Drug Safety of Antihypertensive Medicines Using Pharmacovigilance Data: Signal Management Through Traditional Methods Versus Process Automation
Abstract
Hypertension remains a leading etiological agent of cardiovascular morbidity and mortality worldwide, thus requiring vigorous marketing pharmacovigilance of anti-hypertensive drugs. In the current study, the conventional approaches of signal detection used manually were compared with the processing automation procedure using extensive actual data accumulated using the FDA Adverse Event Reporting System (FAERS) during the past years, especially selected representative therapeutics, amlodipine, ramipril, and minoxidil. The old paradigms were based on manual case assessments together with disproportion measures (mainly the Reporting Odds Ratio (ROR)) and supplemented with expert clinical adjudication. Conversely, the automated model used a scripted pipeline, which included data cleaning, natural-language processing, automated codification and derivation of statistical signals. A mixed system was employed, combining a pre-screening with an expert validation as a requirement.
The automated approach increased the range of detections and the efficiency of operations and, at the same time, increased sensitivity, but at the cost of a higher rate of possible false-positive indications. The hybrid scheme was the most balanced, which offered the maximum credible signal capture, better sensitivity on genuine pharmacological matters, high specificity persistence, and equal accompanying noise decrease.

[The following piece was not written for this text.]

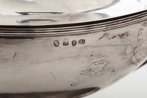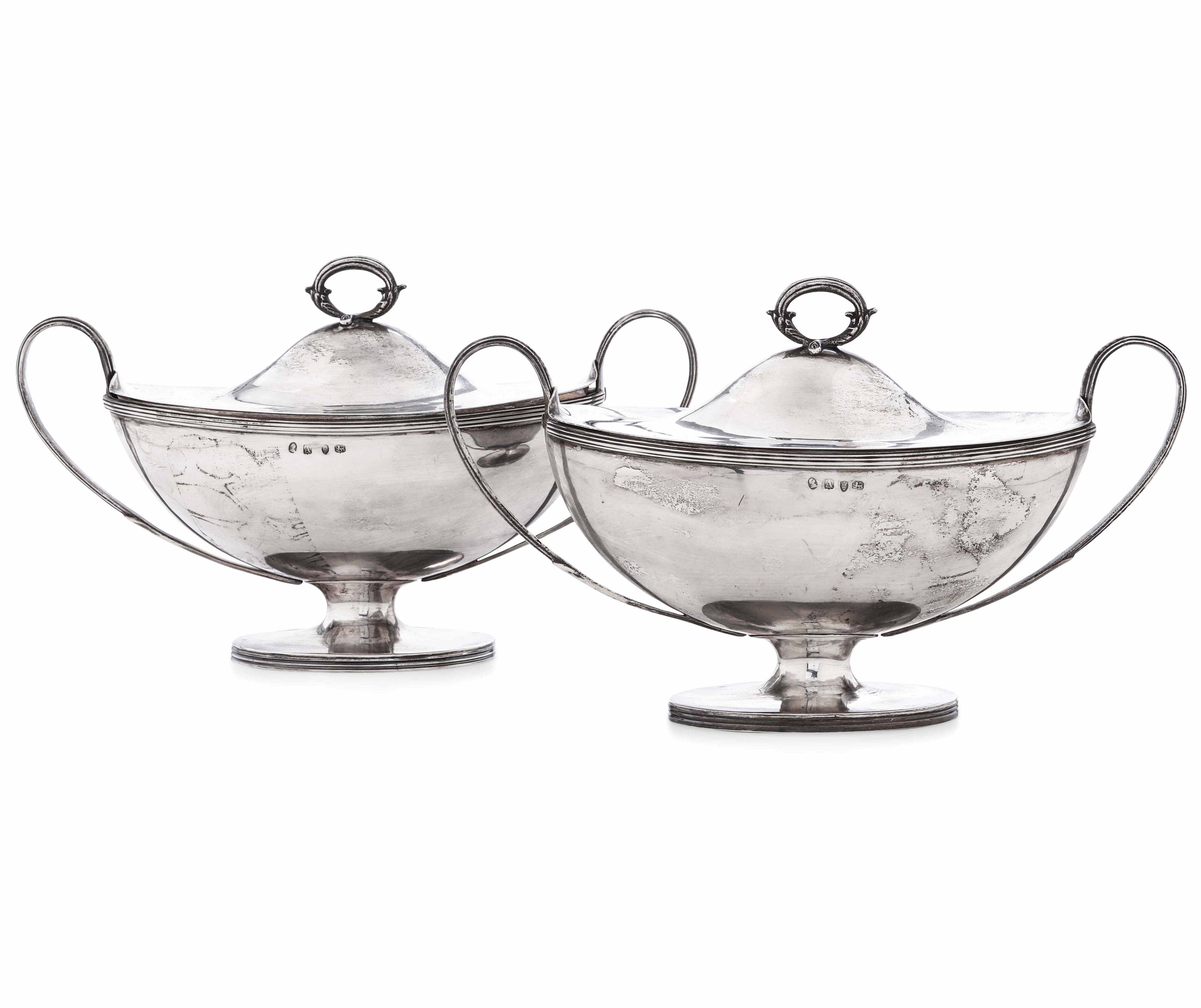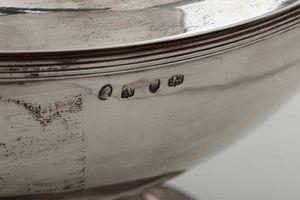 Coppia di zuppiere. Argento fuso, sbalzato e cesellato. Marchi della città di Londra [..]

These results support the idea that hybrid signal management systems, which consist of automated routine and high-volume processes with domain knowledge to make conclusive judgments, is optimal, scalable, and regulatory compliant to the current condition of pharmacovigilance, especially in resource-limited environments.

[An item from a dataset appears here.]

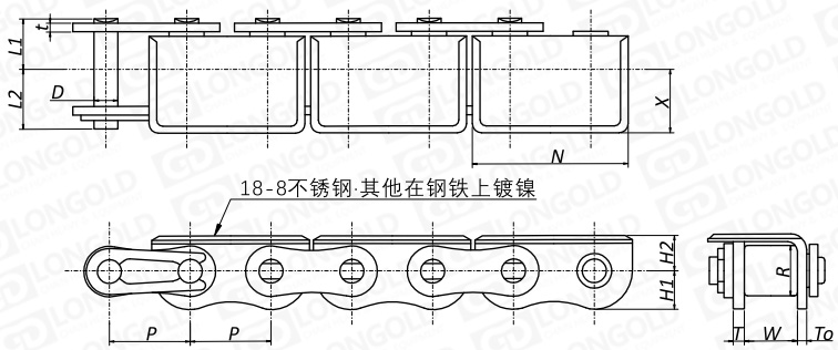 上圖為帶內(nèi)彎附件雙倍節(jié)距鏈S滾子帶附件圖。

Conclusion: This comparative evaluation of the signal detection methodologies of anti-hypertensive drugs gives a clear outline of the supplementary benefits of both the traditional and automated application techniques. Hybrid models are therefore an evidence based and pragmatic step towards modern signal management especially relevant in the changing pharmacovigilance set ups of India and other regions that face similar data and resource bottlenecks.